- [INSTRUCTIONS FOR THE TASK] Nothing but the lines below from the one with "Большая стрекоза кушает" through the one with "According to Cisco’s" should be output, each exactly as given, and no pictures.

- [PROVIDED ENTRIES]
Start of Block
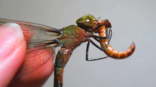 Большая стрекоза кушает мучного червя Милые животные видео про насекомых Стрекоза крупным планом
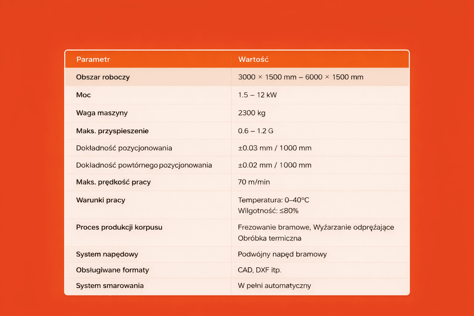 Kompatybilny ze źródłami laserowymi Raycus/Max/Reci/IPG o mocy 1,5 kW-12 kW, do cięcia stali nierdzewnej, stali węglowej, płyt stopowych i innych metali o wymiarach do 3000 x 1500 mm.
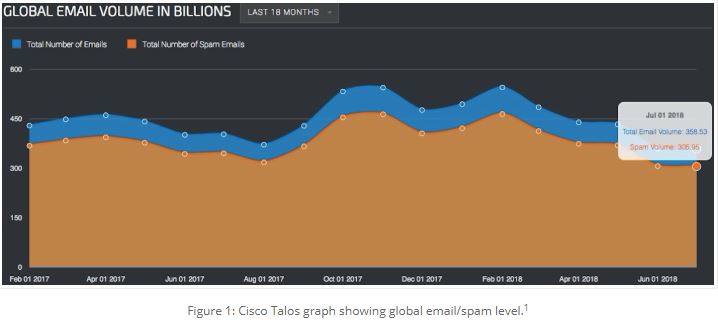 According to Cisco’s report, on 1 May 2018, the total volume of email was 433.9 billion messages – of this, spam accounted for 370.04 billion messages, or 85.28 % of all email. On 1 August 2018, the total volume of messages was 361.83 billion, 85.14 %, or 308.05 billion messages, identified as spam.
End of Block
Start of Block
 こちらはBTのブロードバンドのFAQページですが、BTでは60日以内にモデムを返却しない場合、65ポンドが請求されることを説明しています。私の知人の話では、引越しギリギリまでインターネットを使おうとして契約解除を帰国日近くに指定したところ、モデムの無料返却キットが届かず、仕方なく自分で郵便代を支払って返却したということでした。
End of Block
Start of Block
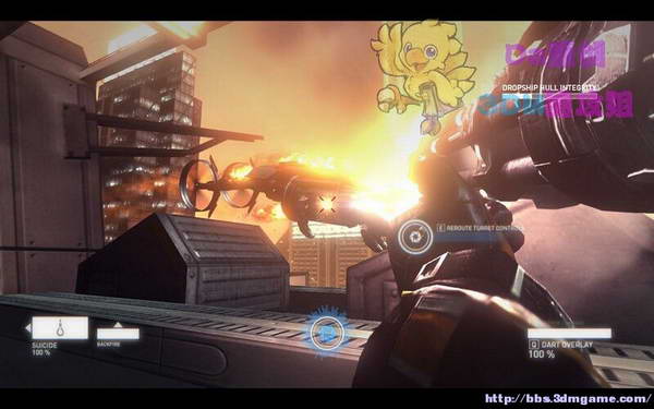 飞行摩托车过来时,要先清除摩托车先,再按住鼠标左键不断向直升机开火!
End of Block
- [OUTPUT]
 Большая стрекоза кушает мучного червя Милые животные видео про насекомых Стрекоза крупным планом
 Kompatybilny ze źródłami laserowymi Raycus/Max/Reci/IPG o mocy 1,5 kW-12 kW, do cięcia stali nierdzewnej, stali węglowej, płyt stopowych i innych metali o wymiarach do 3000 x 1500 mm.
 According to Cisco’s report, on 1 May 2018, the total volume of email was 433.9 billion messages – of this, spam accounted for 370.04 billion messages, or 85.28 % of all email. On 1 August 2018, the total volume of messages was 361.83 billion, 85.14 %, or 308.05 billion messages, identified as spam.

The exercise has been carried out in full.